Beginning with the line that contains "04:46:08Der Streamer erinnert" and ending with the line that contains "REPUBLIKA.CO.ID, BOGOR -- Presiden", reproduce the lines of the entries below exactly, omitting pictures.

> [THE DATA]:
◆ ◆ ◆ ◆ ◆ ◆ ◆

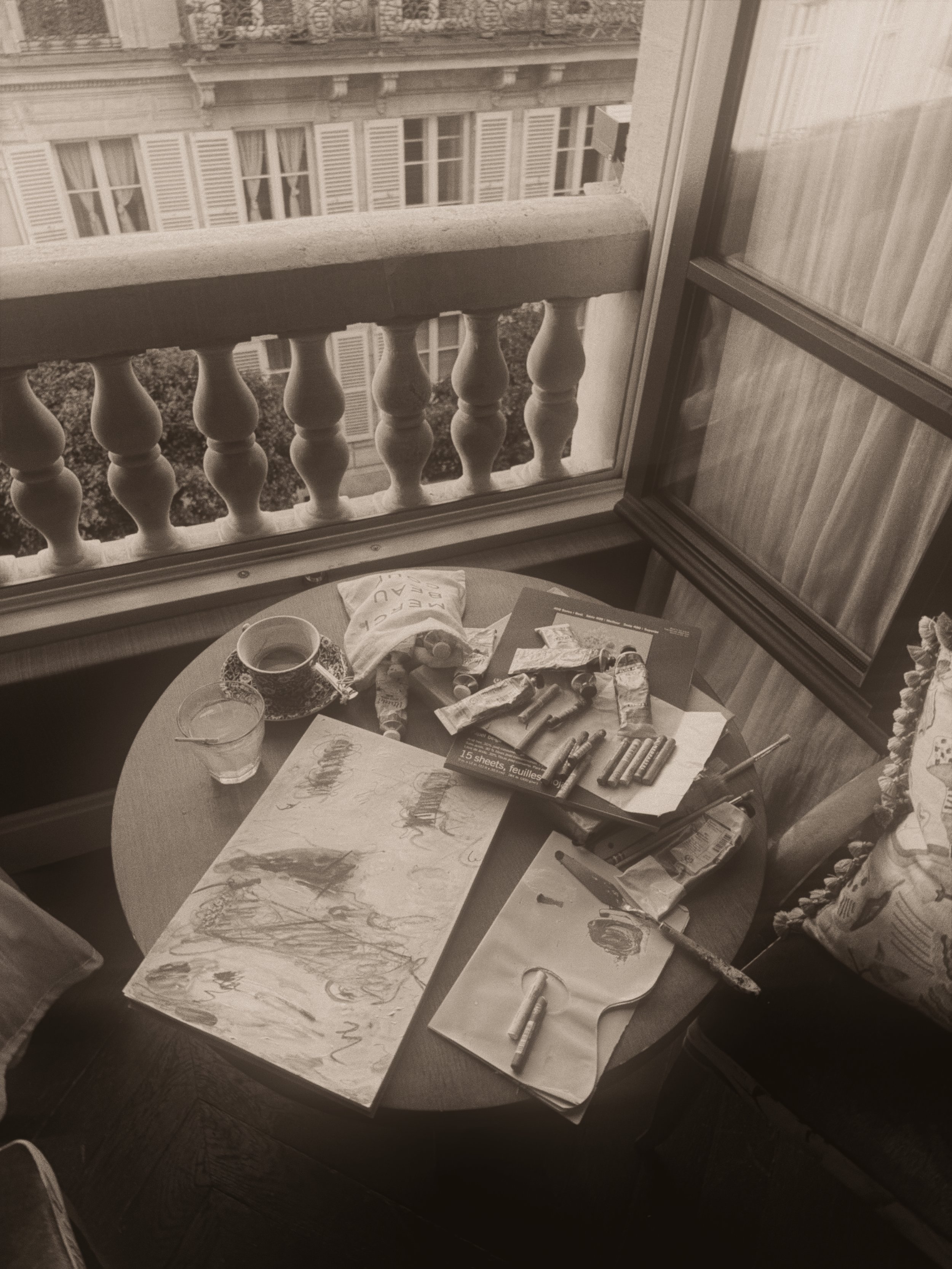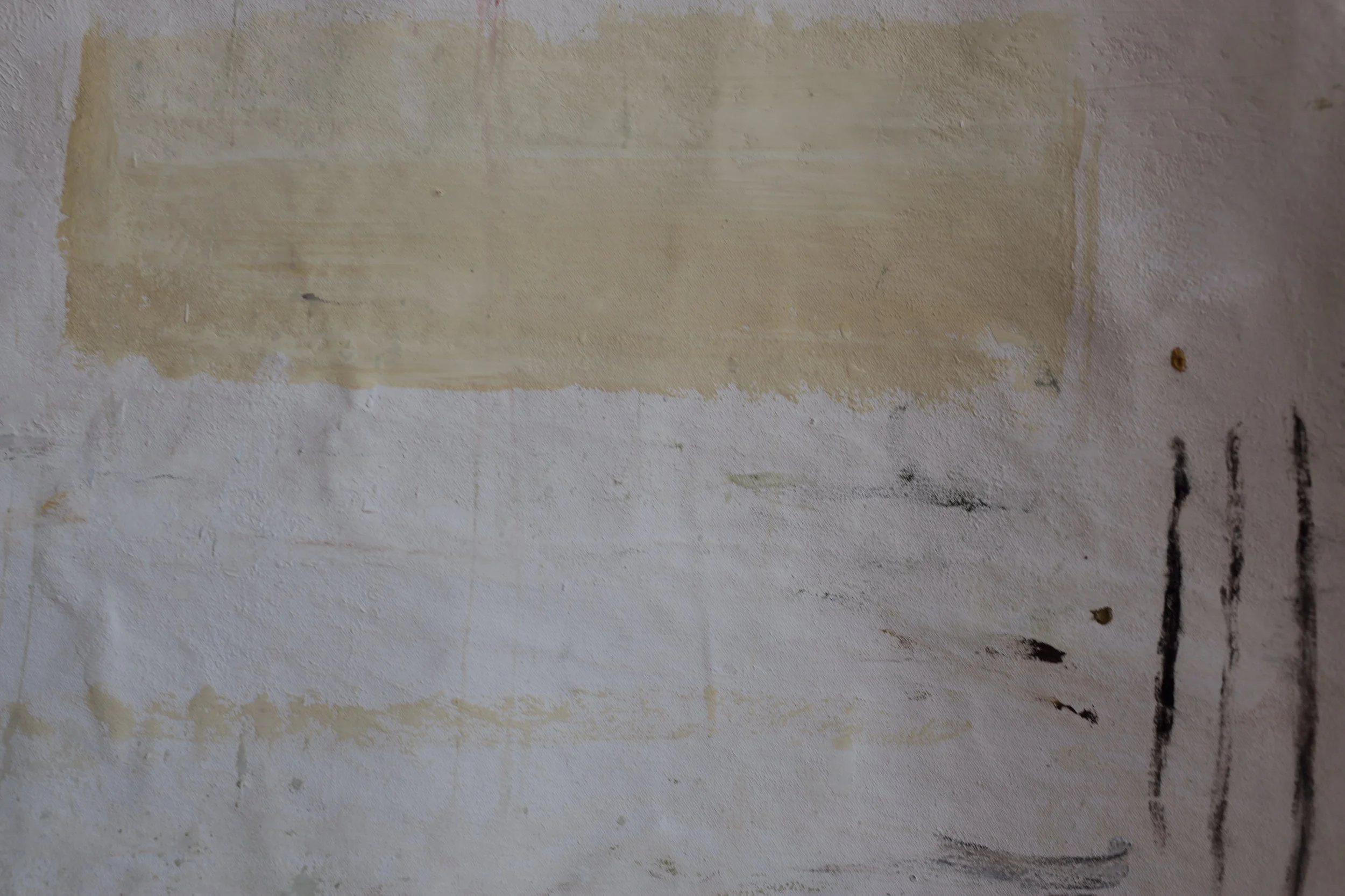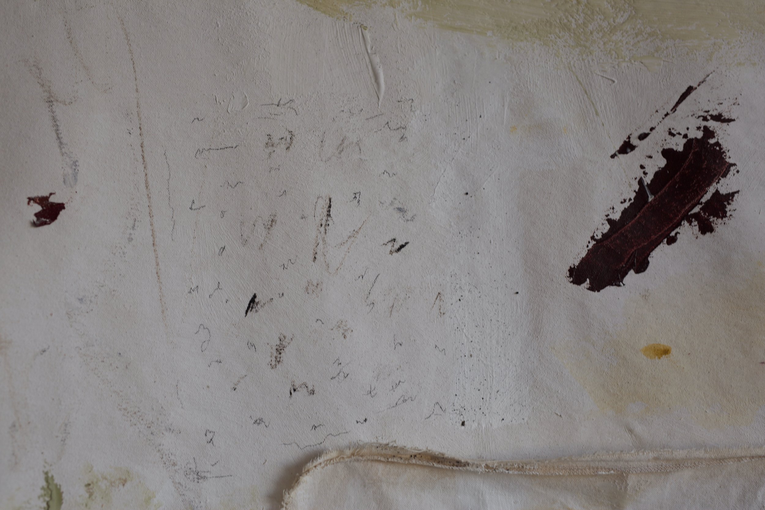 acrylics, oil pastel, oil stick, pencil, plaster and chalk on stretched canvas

◆ ◆ ◆ ◆ ◆ ◆ ◆

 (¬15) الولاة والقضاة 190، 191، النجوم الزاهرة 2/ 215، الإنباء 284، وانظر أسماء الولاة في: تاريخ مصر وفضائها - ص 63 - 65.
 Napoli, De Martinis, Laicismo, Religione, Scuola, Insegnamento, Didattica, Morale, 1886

◆ ◆ ◆ ◆ ◆ ◆ ◆

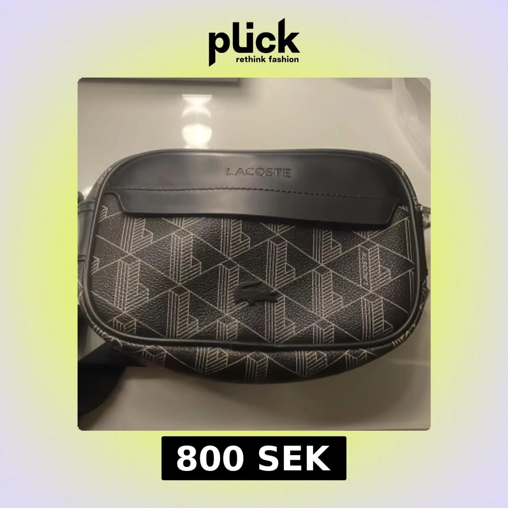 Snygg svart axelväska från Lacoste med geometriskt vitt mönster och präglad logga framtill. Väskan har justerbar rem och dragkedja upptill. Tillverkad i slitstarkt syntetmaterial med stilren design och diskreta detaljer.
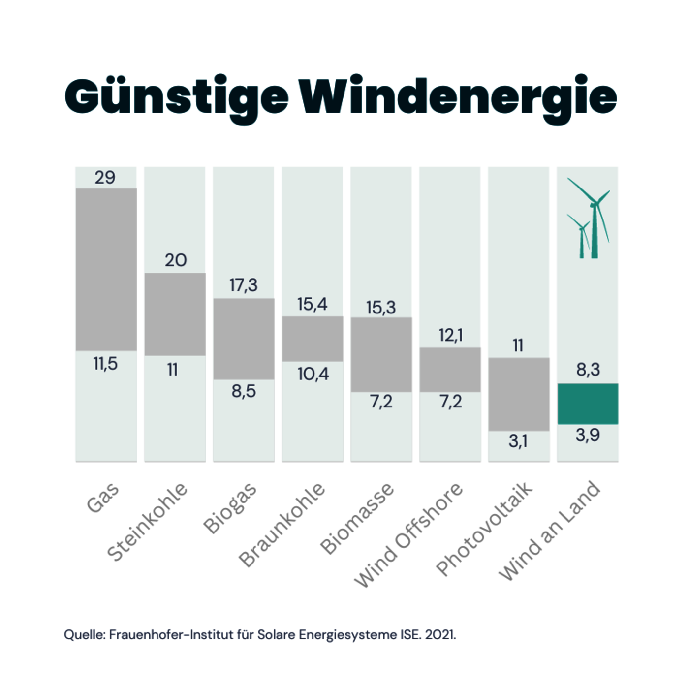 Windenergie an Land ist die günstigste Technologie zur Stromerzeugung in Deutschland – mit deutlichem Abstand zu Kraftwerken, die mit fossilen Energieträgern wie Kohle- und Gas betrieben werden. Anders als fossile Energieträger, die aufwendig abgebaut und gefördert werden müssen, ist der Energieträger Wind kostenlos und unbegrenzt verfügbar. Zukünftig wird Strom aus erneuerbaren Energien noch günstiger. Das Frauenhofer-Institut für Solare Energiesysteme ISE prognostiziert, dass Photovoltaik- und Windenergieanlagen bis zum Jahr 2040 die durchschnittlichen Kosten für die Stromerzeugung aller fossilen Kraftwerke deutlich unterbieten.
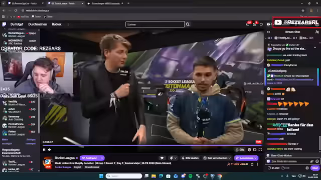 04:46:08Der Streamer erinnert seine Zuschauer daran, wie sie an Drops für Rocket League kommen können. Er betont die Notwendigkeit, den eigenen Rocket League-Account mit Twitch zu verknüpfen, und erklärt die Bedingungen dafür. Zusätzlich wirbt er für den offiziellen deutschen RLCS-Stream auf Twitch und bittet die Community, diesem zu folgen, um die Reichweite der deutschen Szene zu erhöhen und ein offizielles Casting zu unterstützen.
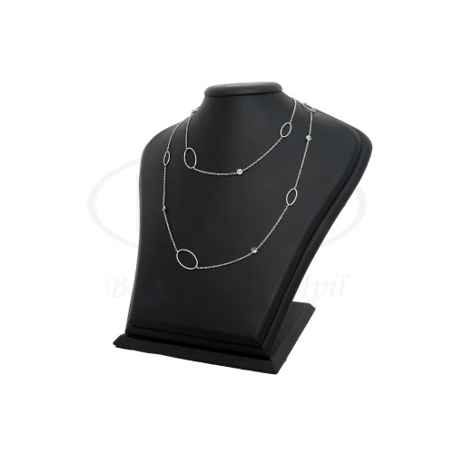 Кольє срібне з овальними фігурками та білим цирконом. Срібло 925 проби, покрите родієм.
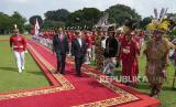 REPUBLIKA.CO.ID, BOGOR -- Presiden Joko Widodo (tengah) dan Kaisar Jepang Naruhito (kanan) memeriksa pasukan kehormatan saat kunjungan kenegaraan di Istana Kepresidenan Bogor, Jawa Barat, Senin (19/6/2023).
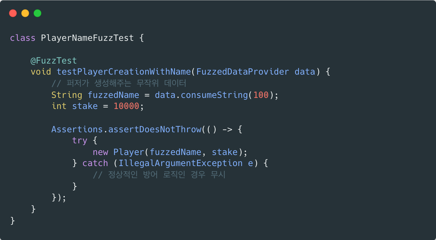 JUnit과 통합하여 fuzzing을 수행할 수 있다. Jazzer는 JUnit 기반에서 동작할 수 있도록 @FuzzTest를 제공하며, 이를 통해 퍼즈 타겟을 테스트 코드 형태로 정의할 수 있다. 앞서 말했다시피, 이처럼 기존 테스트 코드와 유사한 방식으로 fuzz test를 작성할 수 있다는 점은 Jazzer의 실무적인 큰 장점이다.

◆ ◆ ◆ ◆ ◆ ◆ ◆

> [RESPONSE BELOW]:
 04:46:08Der Streamer erinnert seine Zuschauer daran, wie sie an Drops für Rocket League kommen können. Er betont die Notwendigkeit, den eigenen Rocket League-Account mit Twitch zu verknüpfen, und erklärt die Bedingungen dafür. Zusätzlich wirbt er für den offiziellen deutschen RLCS-Stream auf Twitch und bittet die Community, diesem zu folgen, um die Reichweite der deutschen Szene zu erhöhen und ein offizielles Casting zu unterstützen.
 Кольє срібне з овальними фігурками та білим цирконом. Срібло 925 проби, покрите родієм.
 REPUBLIKA.CO.ID, BOGOR -- Presiden Joko Widodo (tengah) dan Kaisar Jepang Naruhito (kanan) memeriksa pasukan kehormatan saat kunjungan kenegaraan di Istana Kepresidenan Bogor, Jawa Barat, Senin (19/6/2023).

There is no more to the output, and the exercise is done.